Thus, the t value calculated from the data is 4.02. Is this a significant result? A computer program analyzing the results would immediately tell you the probability of obtaining a t value of this size with a total sample size of 20. Without such a program, there are Internet resources to find a table of “critical values” of t (http://www.statisticsmentor.com/category/statstables/) or to calculate the probability for you (http://vassarstats.net/tabs.html). Before going any farther, you should know that the obtained result is significant. Using a significance level of .05, the critical value from the sampling distribution of t is 2.101. Any t value greater than or equal to 2.101 has a .05 or less probability of occurring under the assumptions of the null hypothesis. Because our obtained value is larger than the critical value, we can reject the null hypothesis and conclude that the difference in means obtained in the sample reflects a true difference in the population.

Degrees of Freedom

You are probably wondering how the critical value was selected from the table. To use the table, you must first determine the degrees of freedom for the test (the term degrees of freedom is abbreviated as df). When comparing two means, you assume that the degrees of freedom are equal to n1 + n2 − 2, or the total number of participants in the groups minus the number of groups. In our experiment, the degrees of freedom would be 10 + 10 − 2 = 18. The degrees of freedom are the number of scores free to vary once the means are known. For example, if the mean of a group is 6.0 and there are five scores in the group, there are 4 degrees of freedom; once you have any four scores, the fifth score is known because the mean must remain 6.0.

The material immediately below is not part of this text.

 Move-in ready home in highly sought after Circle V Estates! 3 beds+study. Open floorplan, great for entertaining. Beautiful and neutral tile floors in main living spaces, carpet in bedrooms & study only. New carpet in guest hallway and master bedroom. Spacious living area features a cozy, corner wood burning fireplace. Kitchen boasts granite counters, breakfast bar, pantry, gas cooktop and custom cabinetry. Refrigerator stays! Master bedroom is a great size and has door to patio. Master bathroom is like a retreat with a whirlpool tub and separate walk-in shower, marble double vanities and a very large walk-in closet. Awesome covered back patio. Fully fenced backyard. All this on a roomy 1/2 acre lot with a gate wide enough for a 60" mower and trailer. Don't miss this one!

One-Tailed Versus Two-Tailed Tests

In the table, you must choose a critical t for the situation in which your research hypothesis either (1) specified a direction of difference between the Page 275groups (e.g., group 1 will be greater than group 2) or (2) did not specify a predicted direction of difference (e.g., group 1 will differ from group 2). Somewhat different critical values of t are used in the two situations: The first situation is called a one-tailed test, and the second situation is called a two-tailed test.

The issue can be visualized by looking at the sampling distribution of t values for 18 degrees of freedom, as shown in Figure 13.1. As you can see, a value of 0.00 is expected most frequently. Values greater than or less than zero are less likely to occur. The first distribution shows the logic of a two-tailed test. We used the value of 2.101 for the critical value of t with a .05 significance level because a direction of difference was not predicted. This critical value is the point beyond which 2.5% of the positive values and 2.5% of the negative values of t lie (hence, a total probability of .05 combined from the two “tails” of the sampling distribution). The second distribution illustrates a one-tailed test. If a directional difference had been predicted, the critical value would have been 1.734. This is the value beyond which 5% of the values lie in only one “tail” of the distribution. Whether to specify a one-tailed or two-tailed test will depend on whether you originally designed your study to test a directional hypothesis.

F Test

The analysis of variance, or F test, is an extension of the t test. The analysis of variance is a more general statistical procedure than the t test. When a study has only one independent variable with two groups, F and t are virtually identical—the value of F equals t2 in this situation. However, analysis of variance is also used when there are more than two levels of an independent variable and when a factorial design with two or more independent variables has been used. Thus, the F test is appropriate for the simplest experimental design, as well as for the more complex designs discussed in Chapter 10. The t test was presented first because the formula allows us to demonstrate easily the relationship of the group difference and the within-group variability to the outcome of the statistical test. However, in practice, analysis of variance is the more common procedure. The calculations necessary to conduct an F test are provided in Appendix C.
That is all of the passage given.